▶ _THE TASK_:
The task calls for an exact copy of the records, without any images.

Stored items
************
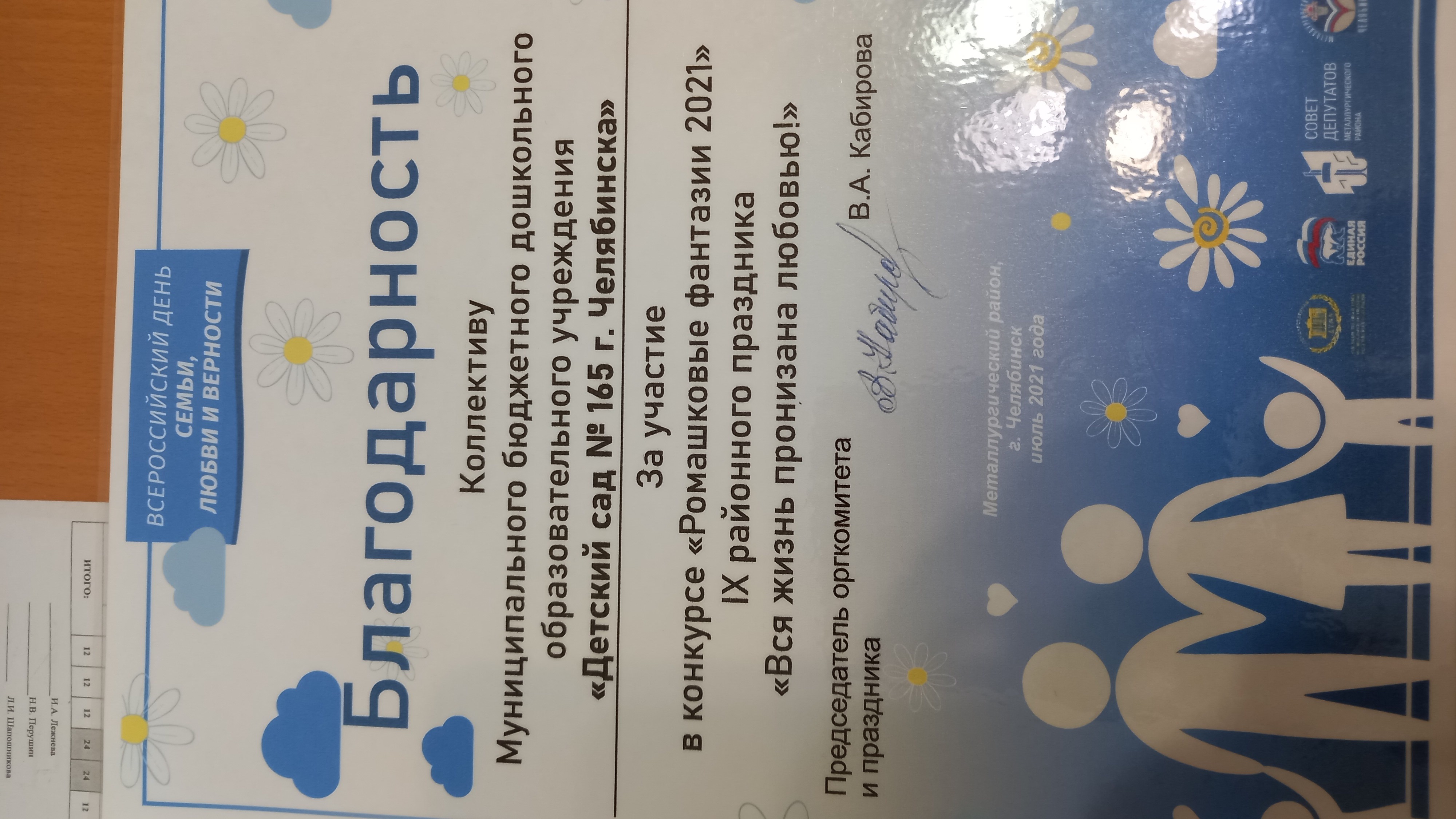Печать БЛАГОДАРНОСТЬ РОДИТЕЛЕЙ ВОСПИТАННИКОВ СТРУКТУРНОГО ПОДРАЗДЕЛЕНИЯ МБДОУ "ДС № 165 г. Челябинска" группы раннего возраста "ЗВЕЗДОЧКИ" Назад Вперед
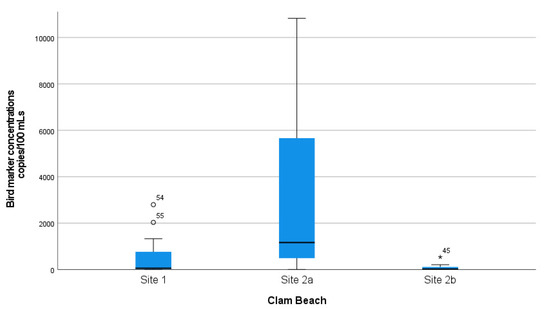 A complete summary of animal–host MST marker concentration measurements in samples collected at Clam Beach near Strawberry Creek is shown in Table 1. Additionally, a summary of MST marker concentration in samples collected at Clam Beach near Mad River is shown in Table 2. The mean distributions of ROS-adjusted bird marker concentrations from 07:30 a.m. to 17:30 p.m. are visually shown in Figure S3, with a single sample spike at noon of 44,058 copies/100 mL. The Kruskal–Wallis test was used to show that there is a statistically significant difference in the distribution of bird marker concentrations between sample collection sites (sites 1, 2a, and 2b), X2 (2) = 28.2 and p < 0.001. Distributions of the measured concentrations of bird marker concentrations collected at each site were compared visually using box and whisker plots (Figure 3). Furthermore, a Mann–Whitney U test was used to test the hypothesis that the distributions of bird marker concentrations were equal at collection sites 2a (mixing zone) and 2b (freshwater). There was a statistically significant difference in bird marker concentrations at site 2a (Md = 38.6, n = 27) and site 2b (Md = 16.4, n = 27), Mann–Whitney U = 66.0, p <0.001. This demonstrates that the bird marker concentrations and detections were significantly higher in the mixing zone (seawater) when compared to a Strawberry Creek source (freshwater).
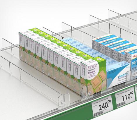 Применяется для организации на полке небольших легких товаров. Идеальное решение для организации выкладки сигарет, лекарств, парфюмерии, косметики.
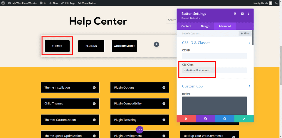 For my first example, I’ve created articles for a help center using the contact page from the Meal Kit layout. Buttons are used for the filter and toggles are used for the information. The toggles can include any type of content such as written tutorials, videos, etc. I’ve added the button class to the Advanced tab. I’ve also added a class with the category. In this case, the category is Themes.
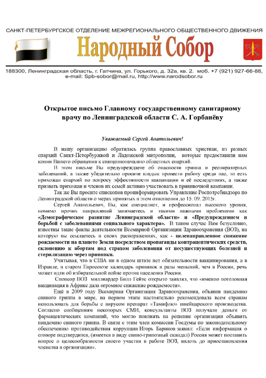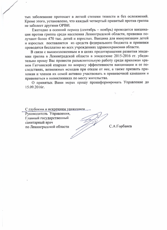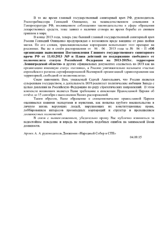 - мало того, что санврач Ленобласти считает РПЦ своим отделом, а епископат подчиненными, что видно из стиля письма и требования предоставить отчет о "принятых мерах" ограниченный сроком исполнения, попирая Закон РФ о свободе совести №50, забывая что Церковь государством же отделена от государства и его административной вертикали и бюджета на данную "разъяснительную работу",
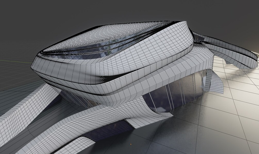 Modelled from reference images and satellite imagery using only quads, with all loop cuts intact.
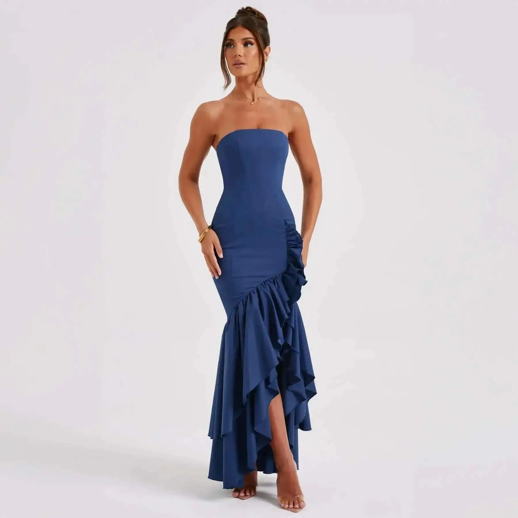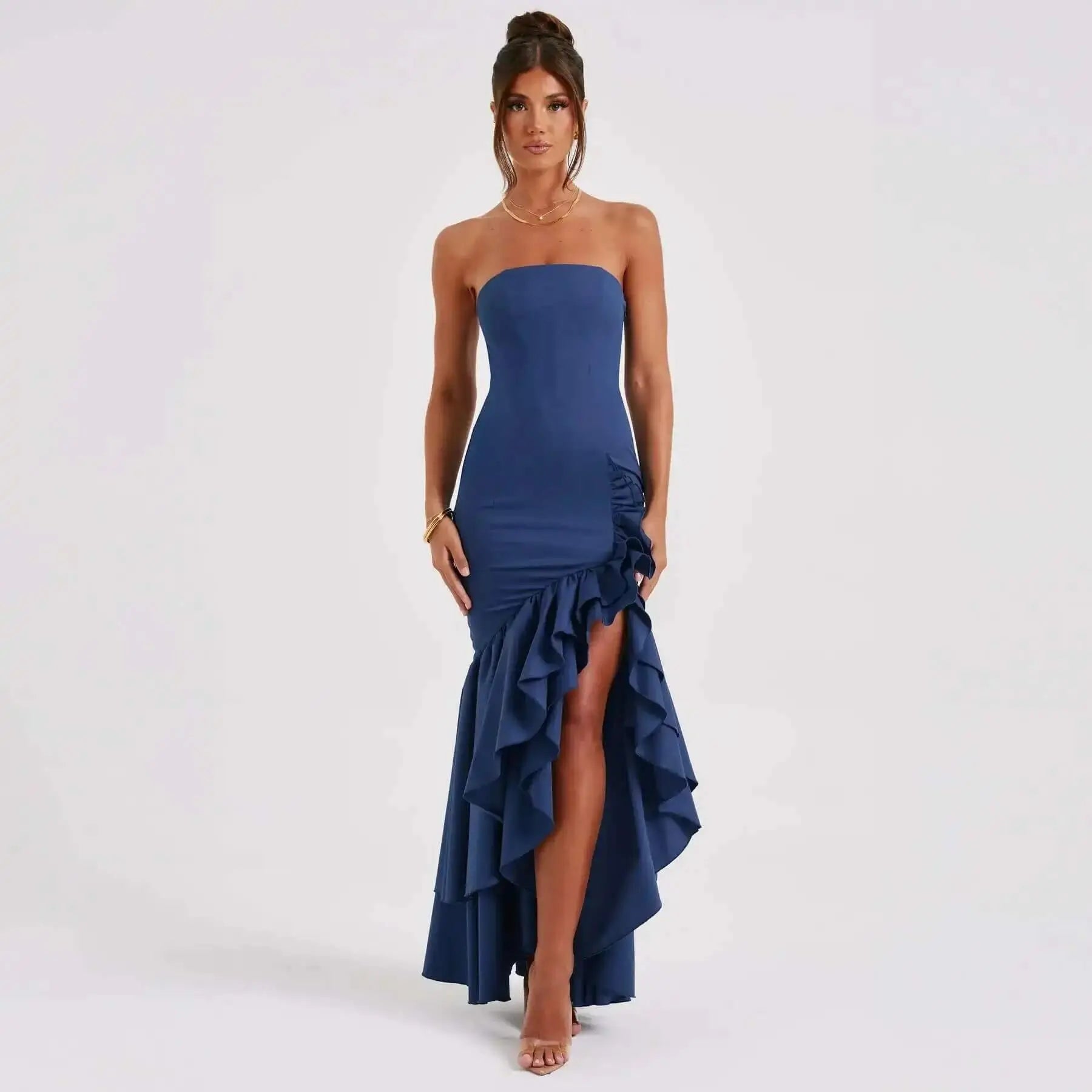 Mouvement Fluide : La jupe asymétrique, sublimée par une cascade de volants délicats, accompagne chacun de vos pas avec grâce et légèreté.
************
▶ _PROBLEM SOLUTION_:
Печать БЛАГОДАРНОСТЬ РОДИТЕЛЕЙ ВОСПИТАННИКОВ СТРУКТУРНОГО ПОДРАЗДЕЛЕНИЯ МБДОУ "ДС № 165 г. Челябинска" группы раннего возраста "ЗВЕЗДОЧКИ" Назад Вперед
 A complete summary of animal–host MST marker concentration measurements in samples collected at Clam Beach near Strawberry Creek is shown in Table 1. Additionally, a summary of MST marker concentration in samples collected at Clam Beach near Mad River is shown in Table 2. The mean distributions of ROS-adjusted bird marker concentrations from 07:30 a.m. to 17:30 p.m. are visually shown in Figure S3, with a single sample spike at noon of 44,058 copies/100 mL. The Kruskal–Wallis test was used to show that there is a statistically significant difference in the distribution of bird marker concentrations between sample collection sites (sites 1, 2a, and 2b), X2 (2) = 28.2 and p < 0.001. Distributions of the measured concentrations of bird marker concentrations collected at each site were compared visually using box and whisker plots (Figure 3). Furthermore, a Mann–Whitney U test was used to test the hypothesis that the distributions of bird marker concentrations were equal at collection sites 2a (mixing zone) and 2b (freshwater). There was a statistically significant difference in bird marker concentrations at site 2a (Md = 38.6, n = 27) and site 2b (Md = 16.4, n = 27), Mann–Whitney U = 66.0, p <0.001. This demonstrates that the bird marker concentrations and detections were significantly higher in the mixing zone (seawater) when compared to a Strawberry Creek source (freshwater).
 Применяется для организации на полке небольших легких товаров. Идеальное решение для организации выкладки сигарет, лекарств, парфюмерии, косметики.
 For my first example, I’ve created articles for a help center using the contact page from the Meal Kit layout. Buttons are used for the filter and toggles are used for the information. The toggles can include any type of content such as written tutorials, videos, etc. I’ve added the button class to the Advanced tab. I’ve also added a class with the category. In this case, the category is Themes.
 - мало того, что санврач Ленобласти считает РПЦ своим отделом, а епископат подчиненными, что видно из стиля письма и требования предоставить отчет о "принятых мерах" ограниченный сроком исполнения, попирая Закон РФ о свободе совести №50, забывая что Церковь государством же отделена от государства и его административной вертикали и бюджета на данную "разъяснительную работу",
 Modelled from reference images and satellite imagery using only quads, with all loop cuts intact.
 Mouvement Fluide : La jupe asymétrique, sublimée par une cascade de volants délicats, accompagne chacun de vos pas avec grâce et légèreté.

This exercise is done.